2018-12-03: Using Wikipedia to build a corpus, classify text, and more

Wikipedia is an online encyclopedia, available in 301 different languages, and constantly updated by volunteers. Wikipedia is not only an encyclopedia, but it also has been used as an ontology to build a corpus, classify entities, cluster documents, create an annotation, recommend documents to a user, etc. Below, I review some of the significant publications in these areas.
Using Wikipedia as a corpus:
Wikipedia has been used to create corpora that can be used for text classification or annotation. In “Named entity corpus construction using Wikipedia and DBpedia ontology” (LREC 2014), YoungGyum Hahm et al. created a method to use Wikipedia, DBpedia, and SPARQL queries to generate a named entity corpus. The method used in this paper can be accomplished in any language.
Fabian Suchanek used Wikipedia, WordNet, and Geonames to create an ontology called YAGO, which contains over 1.7 million entities and 15 million facts. The paper “YAGO: A large ontology from Wikipedia and Wordnet” (Web Semantics 2008), describes how this dataset was created.

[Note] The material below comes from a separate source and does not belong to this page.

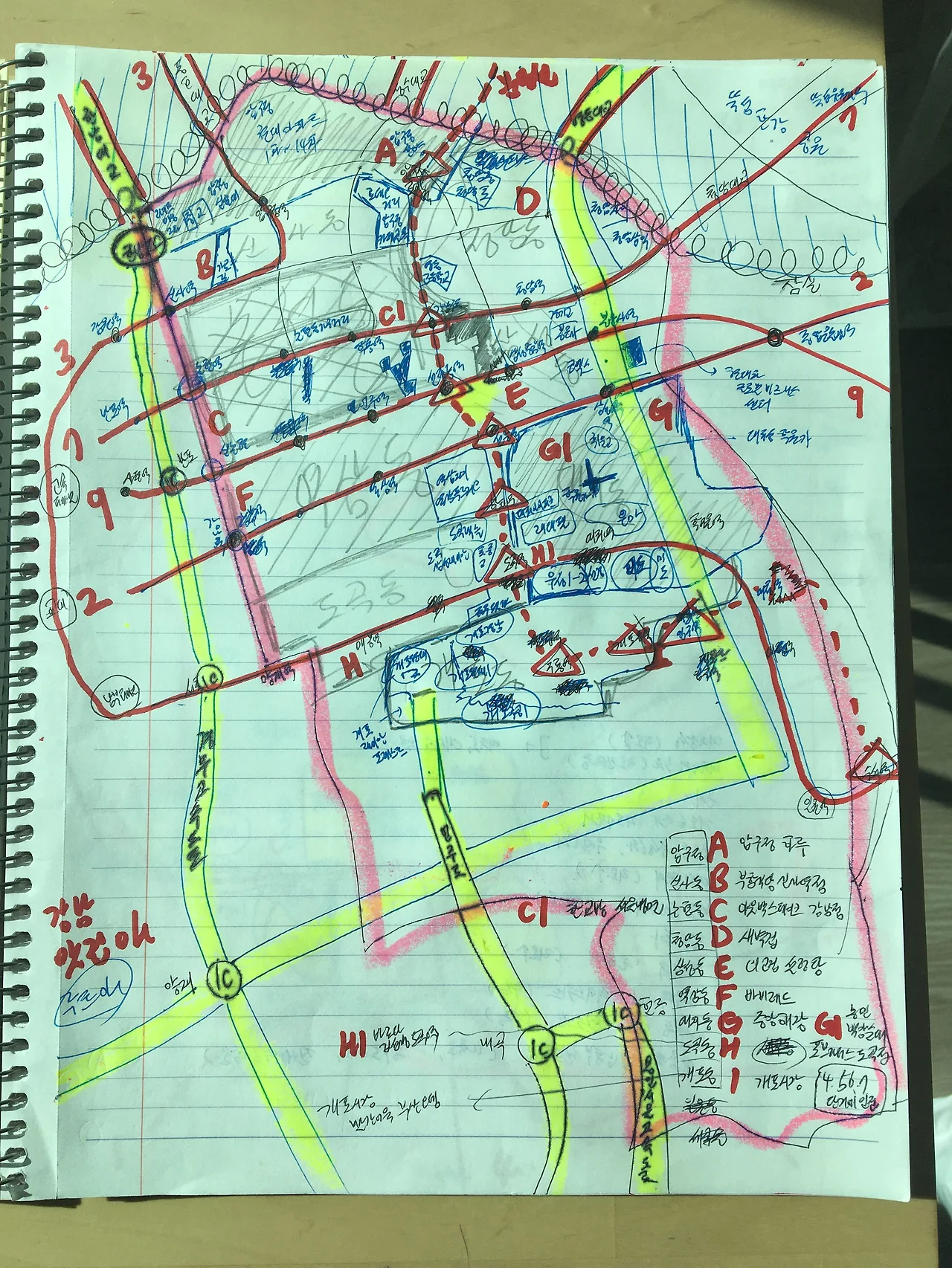강남은 지하철과 버스노선이 거미줄처럼 촘촘하게 연결되어 있는 서울에서 차 없이 다니기 가장 좋은 교통의 요지다. 앞서 살펴본 바 있는 여의도 임장은 심플했지만 아래의 강남 임장지도는 얼핏 봐도 복잡해 보일 것이다.

Using Wikipedia to classify entities:
In the paper, Entity extraction, linking, classification, and tagging for social media: a Wikipedia-based approach” (VLDB Endowment 2013), Abhishek Gattani et al. created a method that accepts text from social media, such as Twitter, and then extracts important entities, matches the entity to Wikipedia links, filters, classifies the text, and then creates tags for the text. The data used is called a knowledge base (KB). Wikipedia was used as a KB and its graph structure is converted into a taxonomy. For example, if we have the following tweet “Obama just gave a speech in Hawaii”, then the entity extraction selects the two tokens “Obama” and “Hawaii”. Then the resulting tokens are paired with a Wikipedia link (Obama, en.wikipedia.org/wiki/Barack_Obama) and (Hawaii, en.wikipedia.org/wiki/Hawaii). This step is called entity linking. Finally, the classification and tagging of the tweet are set to “US politics, President Obama, travel, Hawaii, vacation”, which is referred to social tagging. The actual process to go from tweet to tag takes ten steps. The overall architecture is shown in Figure 1.
https://blogger.googleusercontent.com/img/b/R29vZ2xl/AVvXsEjYZErcwndJo9OJAE1i_rOHId1wW4wN0a40pqNia0c7MwWC9TiZOvncGztbjcje3fazEwVOOtWqk8985bagoS-ZoIC92fAVvgcBX0Ljt159u03b2djsDhaN8NhdZGycK_hLEQl0CSsB2p0/s1600/Screen+Shot+2018-12-02+at+1.10.09+PM.png
  1. Preprocess: detect the language (English), and select nouns and noun phrases
  2. Extract pair of (string, Wiki link): using the text in the tweet, the text is matched to Wikipedia links and is paired, where the pair of (string, Wikipedia) is called a mention
  3. Filter and score mentions: remove certain pairs and score the rest
  4. Classify and tag tweet: use mentions to classify and tag the tweet
  5. Extract mention features
  6. Filter mentions
  7. Disambiguate: select between topics, e.g. is apple categorized to a fruit or a technology?
  8. Score mentions
  9. Classify and tag tweet: use mentions to classify and tag the tweet
  10. Apply editorial rules
This dataset used in this paper was described in “Building, maintaining, and using knowledge bases: a report from the trenches” (SIGMOD 2013) by Omkar Deshpande et al. In addition to using Wikipedia, the Web and social context were used for the process of tagging the tweet more correctly. After collecting tweets, they gather web context for tweets, which is getting the link included in the tweet if exists and extracting its content, title, and other information. Then entity extraction is performed, followed by link, classify, and tag. Next, the tweet with the tag is used to create a social context of the user, hashtag, and web domains. This information is saved and used for new tweets that need to be tagged. They also used the web and social context for each node in the KB, and this is saved for future usage.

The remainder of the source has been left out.